• DIRECTIONS FOR THIS TASK
Only an exact repetition is needed: the lines from the start of the listing below through the line that contains "AR을 포스터에 비춰보세요, 얼굴", pictures omitted.
■ ■ ■
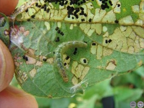 Larva de Omiodes rodeada de excrementos.
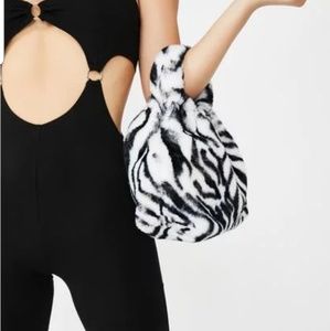 Faux fur leopard print bag
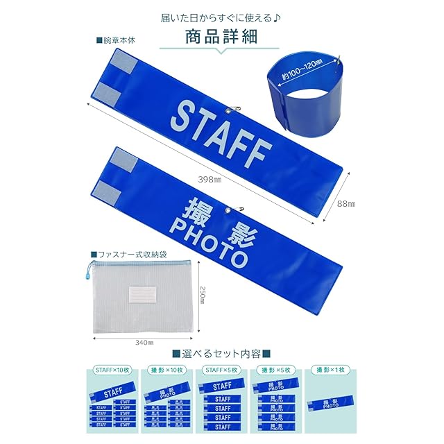 【セミナーや展示会、地域のイベントで大活躍!】皆様に選ばれ続けている腕章セットです!業務用からちょっとした地域イベントまで! 「STAFF」の文字入り、保管用の収納袋つきでこれさえあればすぐに使えるセット商品です!腕章はマジックテープで簡単装着。固定用ピンの固定も可能!腕章を使わないときの保管や持ち運びを考慮して収納用の保管袋を準備しました。 【「STAFF」の文字入りの腕章で商品が届いたらすぐに使用できます。】マジックテープで簡単につけることが可能です。 ずれ落ちが心配な方は固定用ピンを使って確実に 固定できます。 【雨の日も安心の防水仕様の腕章です。】腕章本体は防水仕様のため天候に関係なく使用が可能です。 【未使用時の保管や持ち運びを考慮しました。】保管用の収納袋で腕章の整理も簡単にできます。 また収納袋は名札つきで中身がわかる仕様になっています。 【用途に合わせて腕章の枚数をお選びいただけます】1枚、5枚、10枚と用途に合わせて必要枚数をお選びください。 【商品仕様】・腕章本体 ・保管用収納袋
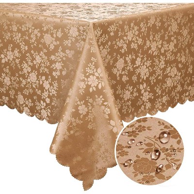LISM 55 x 86 Inch Embroidered Waterproof Tablecloths,Cotton Linen Wrinkle Free Anti-Fading Table Cover,Light Brown
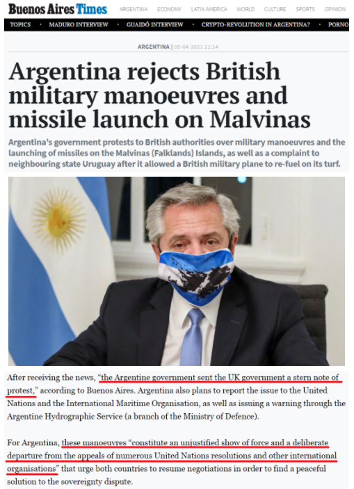 △《布宜諾斯艾利斯時報》報道截圖(題圖為阿根廷總統(tǒng)費爾南德斯戴著印有阿根廷國旗顏色和馬爾維納斯群島地圖的口罩)
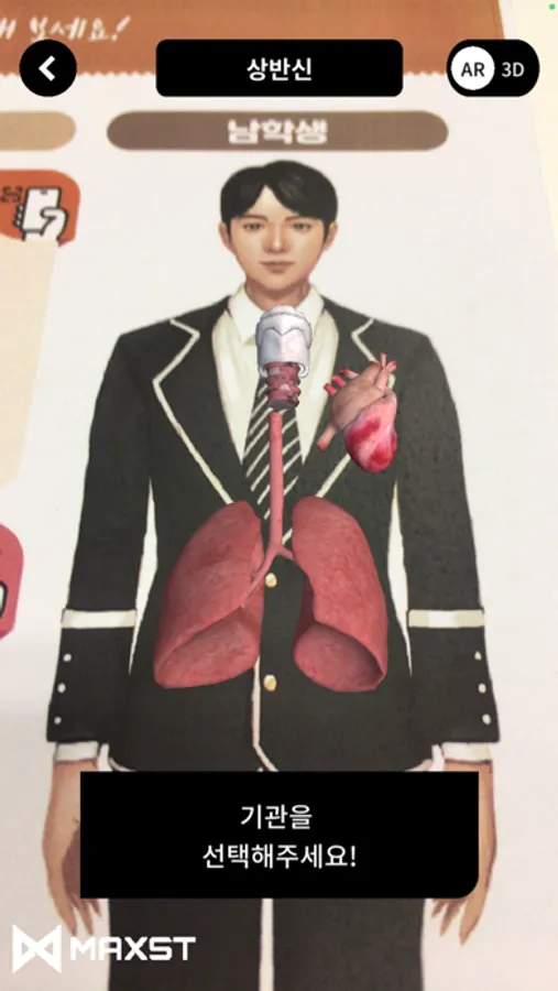 AR을 포스터에 비춰보세요, 얼굴 / 상반신 / 하반신의 변화를 확인할 수 있습니다.
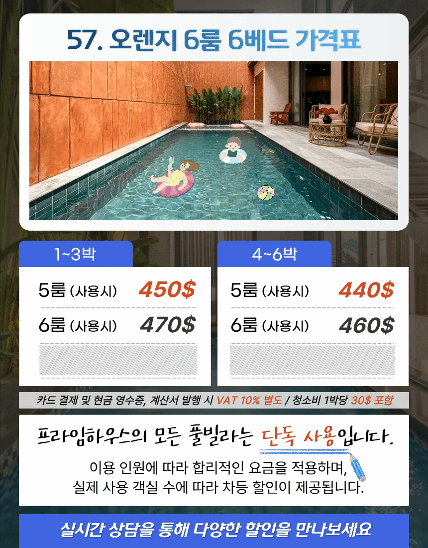 | 5룸 (사용시) | 450$ | 440$ |
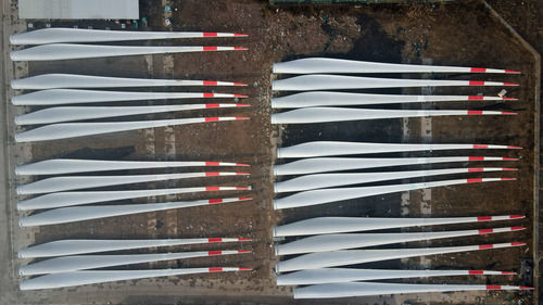 這是河北省威縣一家風(fēng)電設(shè)施生產(chǎn)企業(yè)內(nèi)的大型風(fēng)電機(jī)組葉片(12月8日攝,無(wú)人機(jī)照片)。新華社記者 牟宇 攝
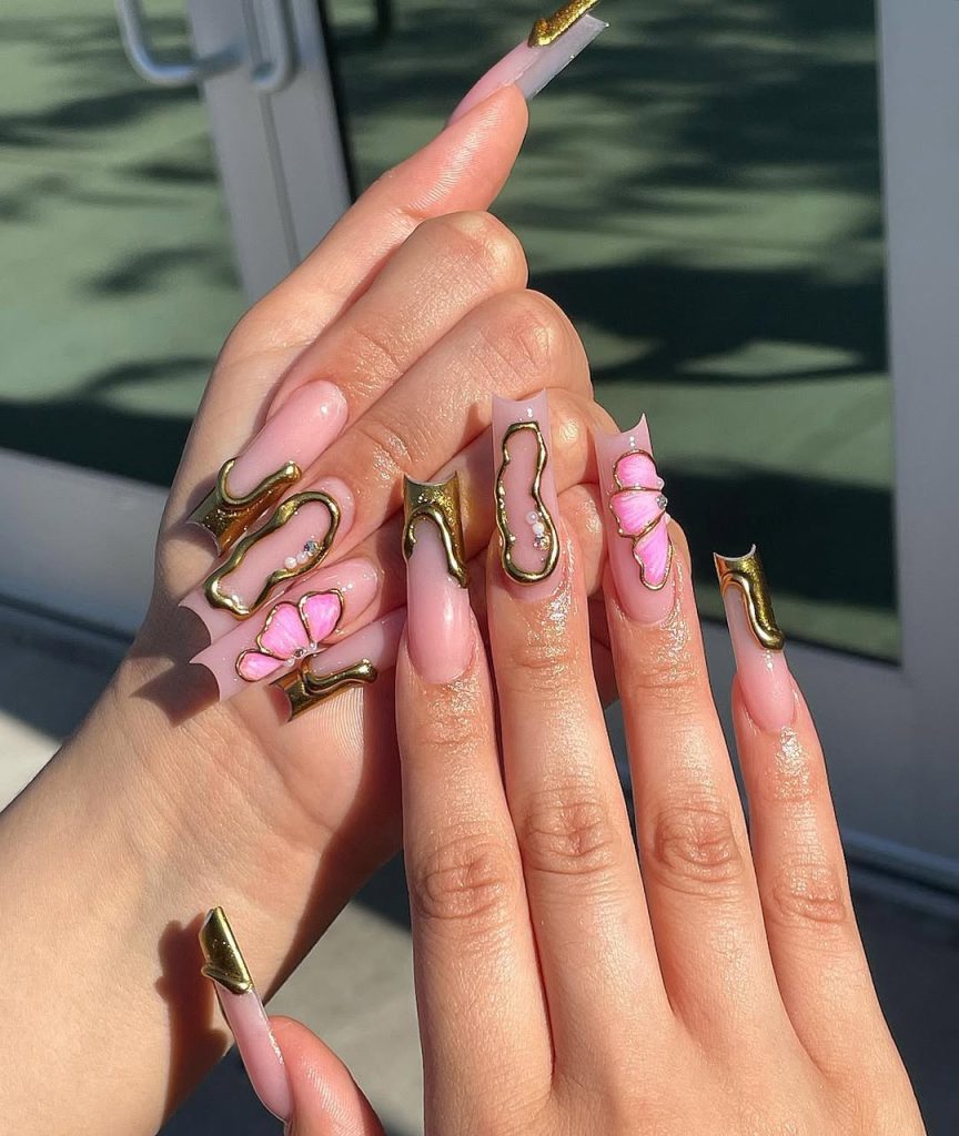 Perfect for nights out or photoshoots, this inspo works best on long coffin or square shapes. It complements warm undertones and looks stunning under evening lights. For a long-lasting effect, use cuticle oil daily and avoid harsh chemicals to keep those gold details pristine.
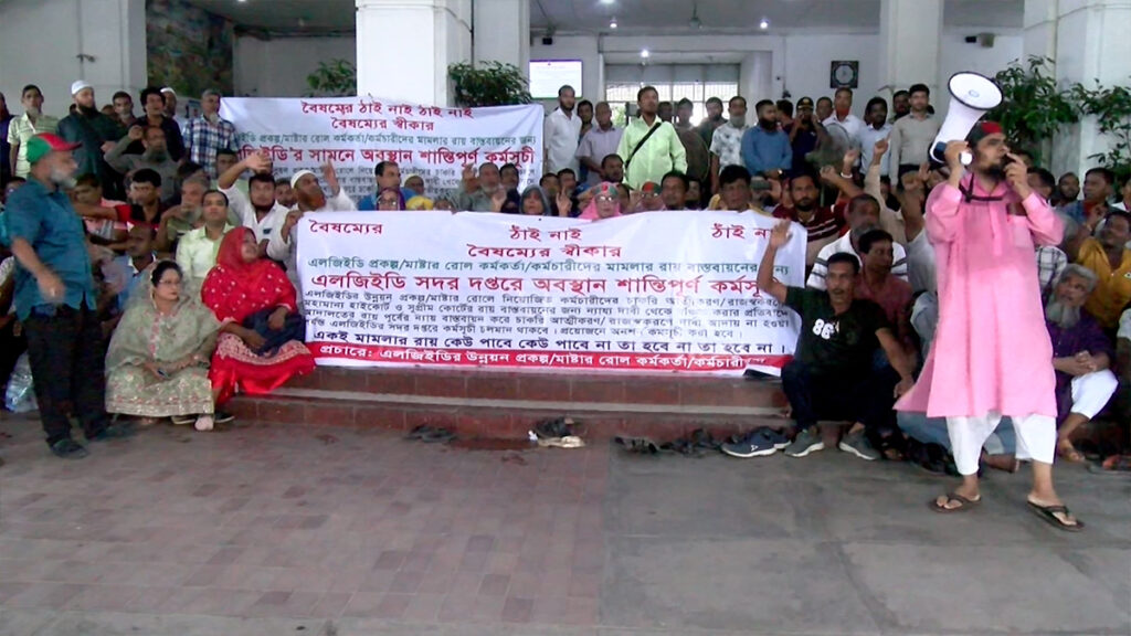 চাকরি স্থায়ীকরণের দাবিতে অবস্থান ধর্মঘট পালন করেছে স্থানীয় সরকার প্রকৌশল অধিদফতরের (এলজিইডি) তৃতীয় ও চতুর্থ শ্রেণীর কর্মচারীরা। রোববার (৬ অক্টোবর) সকালে রাজধানীর আগারগাঁওয়ে প্রতিষ্ঠানটির কার্যালয়ের সামনে এই কর্মসূচি পালন করেন তারা।
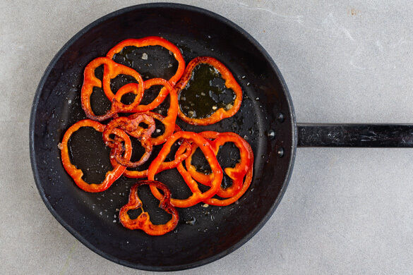 Die Paprikaringe in einer mittelgroßen Pfanne mit 1EL Olivenöl bei starker Hitze 3–4Min. braten, bis sie weich ist und einige Röstspuren aufweist. Dabei gelegentlich wenden. Mit je 1 Prise Salz und Pfeffer würzen und aus der Pfanne nehmen.
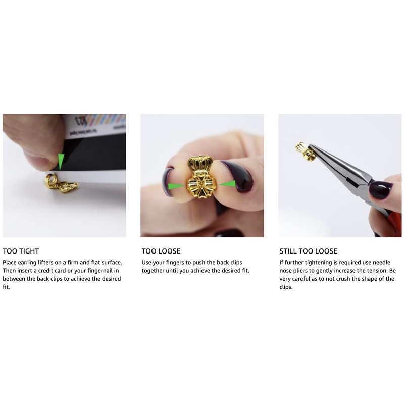 - "Say goodbye to droopy studs!" Our easy-to-grip earring backs for studs and droopy ears will make putting on your earrings a breeze.
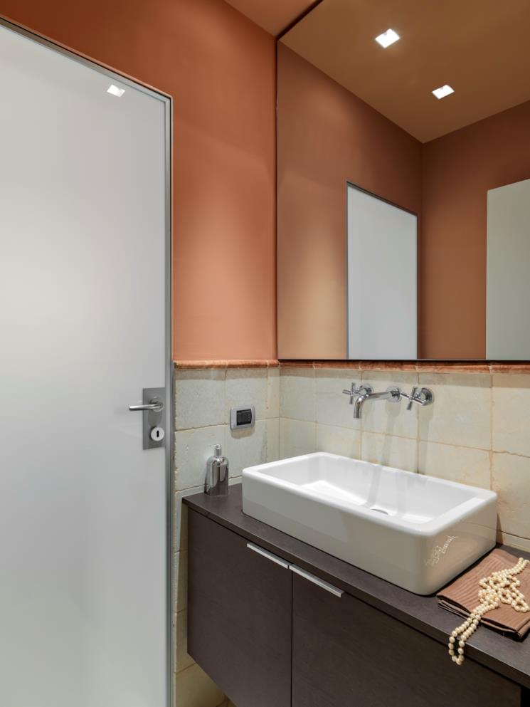 Sanitari di un bagno arancione: scuri o chiari in base all’effetto che vuoi ottenere
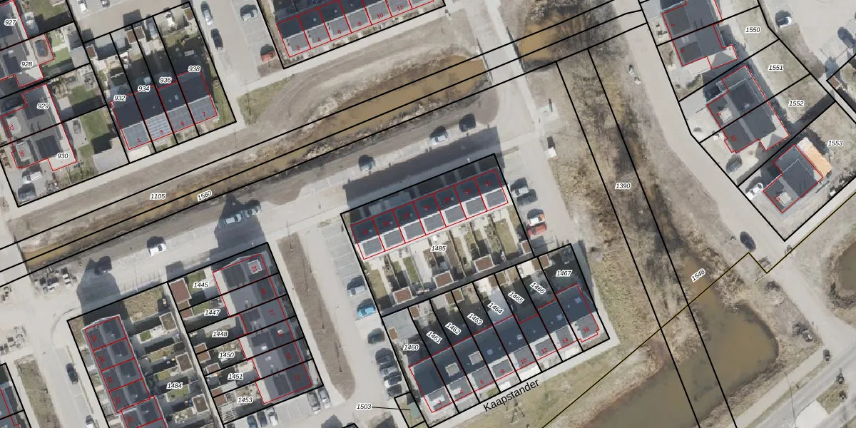Het perceel waarop Kaapstander 24 staat heeft een oppervlakte van 1000 m². Dit is een zeer groot perceel. De perceeloppervlakte wordt geregistreerd door het Kadaster. Gedetailleerde informatie over de maten van dit perceel kunt u vinden in het rapport Kadastrale kaart met maatvoering van Kaapstander 24.
■ ■ ■
• RESPONSE AREA
 Larva de Omiodes rodeada de excrementos.
 Faux fur leopard print bag
 【セミナーや展示会、地域のイベントで大活躍!】皆様に選ばれ続けている腕章セットです!業務用からちょっとした地域イベントまで! 「STAFF」の文字入り、保管用の収納袋つきでこれさえあればすぐに使えるセット商品です!腕章はマジックテープで簡単装着。固定用ピンの固定も可能!腕章を使わないときの保管や持ち運びを考慮して収納用の保管袋を準備しました。 【「STAFF」の文字入りの腕章で商品が届いたらすぐに使用できます。】マジックテープで簡単につけることが可能です。 ずれ落ちが心配な方は固定用ピンを使って確実に 固定できます。 【雨の日も安心の防水仕様の腕章です。】腕章本体は防水仕様のため天候に関係なく使用が可能です。 【未使用時の保管や持ち運びを考慮しました。】保管用の収納袋で腕章の整理も簡単にできます。 また収納袋は名札つきで中身がわかる仕様になっています。 【用途に合わせて腕章の枚数をお選びいただけます】1枚、5枚、10枚と用途に合わせて必要枚数をお選びください。 【商品仕様】・腕章本体 ・保管用収納袋
LISM 55 x 86 Inch Embroidered Waterproof Tablecloths,Cotton Linen Wrinkle Free Anti-Fading Table Cover,Light Brown
 △《布宜諾斯艾利斯時報》報道截圖(題圖為阿根廷總統(tǒng)費爾南德斯戴著印有阿根廷國旗顏色和馬爾維納斯群島地圖的口罩)
 AR을 포스터에 비춰보세요, 얼굴 / 상반신 / 하반신의 변화를 확인할 수 있습니다.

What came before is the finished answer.